Although we don't believe in timing the market or panicking over market movements, we do like to keep an eye on big changes -- just in case they're material to our investing thesis.

What: Shares of digital advertising technologist Rocket Fuel Inc (NASDAQ: FUEL) plummeted 25% today after its current-quarter outlook missed Wall Street expectations.

So what: The stock has been crushed in 2014 on signs of slowing growth, and today's downbeat outlook only reinforces those concerns. While Rocket Fuel's Q1 adjusted loss of $0.18 managed to top estimates on a revenue surge of 95%, Mr.
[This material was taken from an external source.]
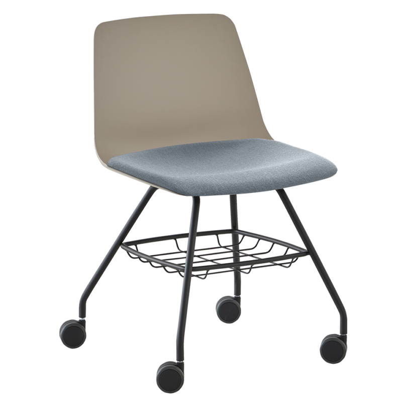 Chair with polypropylene shell and upholstered seat. Round steel tube 4 leg frame fitted with Ø65mm twin wheel swivel casters with soft tread.

Market's reaction suggests that it isn't growing fast enough to justify its seemingly lofty forward P/E.

Now what: Management now sees Q2 revenue of $88 million to $92 million, well below the average analyst estimate of $101.8 million. "Ongoing investment in our proprietary technology platform and our global team helped drive continued strong growth in the first quarter," said CFO J. Peter Bardwick. "We are reiterating our 2014 guidance as we expect revenue growth in the latter half of the year to increase slightly from our expected Q2 growth rate due to a number of factors, including the impact of recent sales hiring and expanded offerings that enhance our current product suite." More importantly, with Rocket Fuel boasting a rock-solid balance sheet and its stock now off a whopping 70% from its 52-week highs, the downside might finally be limited enough to bet on it.